With the wisdom born of long experience, the great duke disappointed the expectations of a terror-struck people; he neither took from them the rich treasures which they had tauntingly exposed to his gaze, nor exacted satisfaction for an insult that had brought a smile to his lips; he restored to the citizens the lands occupied by the Normans in the neighbourhood during the siege; he allowed no bloodshed nor violence, and treated the Greek garrison as prisoners of war; the only conditions that he imposed upon the city were that Argirizzo should be governor, and that the tribute formerly paid to Constantinople should now be paid to himself. In order that these conditions
should be faithfully executed, he established a Norman garrison in the fortifications. To such a degree had a long career of conquest civilized the wild freebooter of San Marco.

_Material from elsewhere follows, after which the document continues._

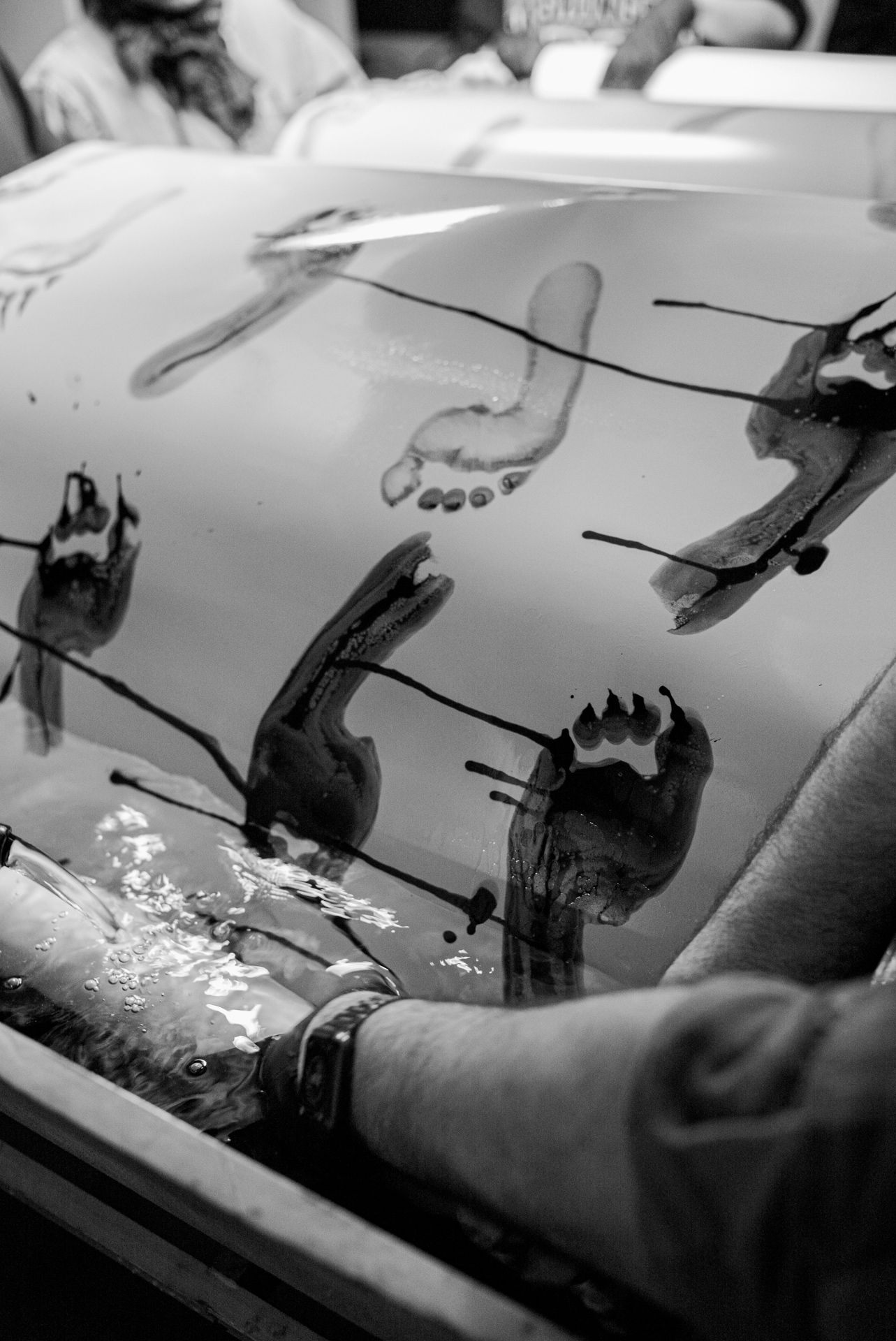 The performance involved me wearing a hazmat suit while holding an uranium glass bowl - a style of glass made with uranium popular during the 1950s - filled with photo developer and walking on B&W darkroom paper. During this walk, I took 452 steps and stopped every so often to re-dip my bare feet into the developer. The resulting image from these steps is a 100ft long black and white American flag.

The fall of Bari was the end of all Greek claims in Italy, and it had been brought about by the rapid development of the Norman naval power. Up to the year 1060 no mention is found of any Norman navy; ten years later the Norman fleets were more than a match for those of Constantinople, and from their victory at Bari they sailed almost directly to the final capture of Palermo. Bari was taken on the sixteenth of April, and in the first week of August fifty-eight Norman men-of‑war, of which ten were of the largest size, were ready to sail down upon Sicily from the harbour of Otranto, with an army numbering between eight and ten thousand men. Robert had collected not only Normans, but Lombards, Apulians, and Calabrians, and he had taken or forced into his service the soldiers of the Greek garrison taken prisoners. Under his iron hand these men of many nationalities fought with unbroken discipline throughout a campaign that lasted six months. He was not joined by all the Norman princes. Gisulf of Salerno, his own brother-in‑law, Richard of Capua, the Count of Trani, and many smaller lords stood sullenly aloof, expecting to witness his destruction, and one, if not more, took advantage of his absence to invade his dominions; but nothing could turn the sons of Tancred from their purpose, and while Robert marched a part of his forces from Otranto to reggio, the rest pursued their way to the same port by sea.